The end of a marriage brings about many changes in your life. One you may not have considered is how divorce will affect the way you file your annual income tax return. It’s important to be aware of tax considerations when drafting your divorce agreement so you’re not caught off guard when April 15 rolls around.
IRS Publication 504 provides guidelines for divorced or separated individuals, but working with a tax professional is the best way to safeguard your interests and ensure that you are filing your return correctly and to your best advantage. A tax expert can also help you make any necessary adjustments for future tax withholding so that you’ll avoid penalties and enjoy the most favorable deductions.
Here are three important areas to consider:
Status: Timing is Everything
This very important distinction is one of the first questions you’ll have to answer on your tax return. Whether you are single or married is dependent upon whether or not you were married as the last day of the tax year (December 31). In other words, if you obtained a divorce decree on December 31, 2019, you may file as Single or Head of Household on your 2019 tax return.
To claim Head of Household, you must
– be unmarried on the last day of the year;
– have paid more than half the cost of keeping up a home for the year;
– have a qualifying child or relative (dependent) living with you in the home for more than half the year.
If you have filed for divorce, but are still legally married on December 31, you may file as Married Filing Jointly or Married Filing Separately. If filing jointly, you and your spouse must both sign the return. A tax advisor can provide insight into which filing status will be most advantageous for you.
Dependents: Defining Custody is Key
If you have sole custody of your children, you can claim them as your dependents. However, in cases where there is joint custody, the status of your dependents may change from year to year. Your divorce agreement should outline a schedule detailing who is allowed to claim the child(ren) as on his or her tax return for a given year.
If there is no schedule specified, the exception for dependents goes to the spouse who meets the IRS’ requirements for custodial parent, which is “the parent with whom the child lived for the greater number of nights during the year. If the child lived with each parent of an equal number of nights during the year, the custodial parent is the parent with the higher adjusted gross income.” The IRS provides lengthy details about what constitutes living with a parent on a given night, including how to count sleepovers at friends’ houses and away camps. If you’re not a CPA or well-versed in tax law, it’s wise to seek the counsel of a divorce attorney and/or tax professional when drafting terms for shared custody.

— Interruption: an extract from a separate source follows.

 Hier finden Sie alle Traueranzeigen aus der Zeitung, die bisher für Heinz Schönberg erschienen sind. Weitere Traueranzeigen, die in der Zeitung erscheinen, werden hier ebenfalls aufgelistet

Alimony: Income or Deduction?
Basically, the rule is this: Whether you’re paying or receiving alimony, you will need to report it as either income or under adjusted gross income.

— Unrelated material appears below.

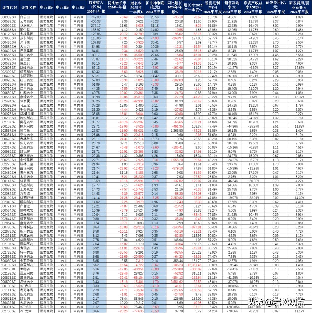 先看营业收入,排第一的白云山收入750亿,往下云南白药收入400亿,再往下是华润三九收入276亿,继续往下看就是4家收入100~200亿的公司,包括同仁堂、太极集团、步长制药、片仔癀。行业龙头必定在这几个公司里,再从利润看看就知道谁是真正的龙头了。

According to the IRS, “Alimony is a payment to or for a spouse or former spouse under a divorce or separation instrument. It doesn’t include voluntary payments that aren’t made under a divorce or separation instrument. Alimony is deductible by the payer, and the recipient must include it in income.”
Alimony does NOT include child support or non-cash property settlements; therefore child support is not reported as income, nor can be claimed as a deduction by the person who pays it.
Again, the definition of alimony and what does and does not qualify as such is discussed at length by IRS code. If you are in any doubt as to what qualifies, seek the help of a tax professional.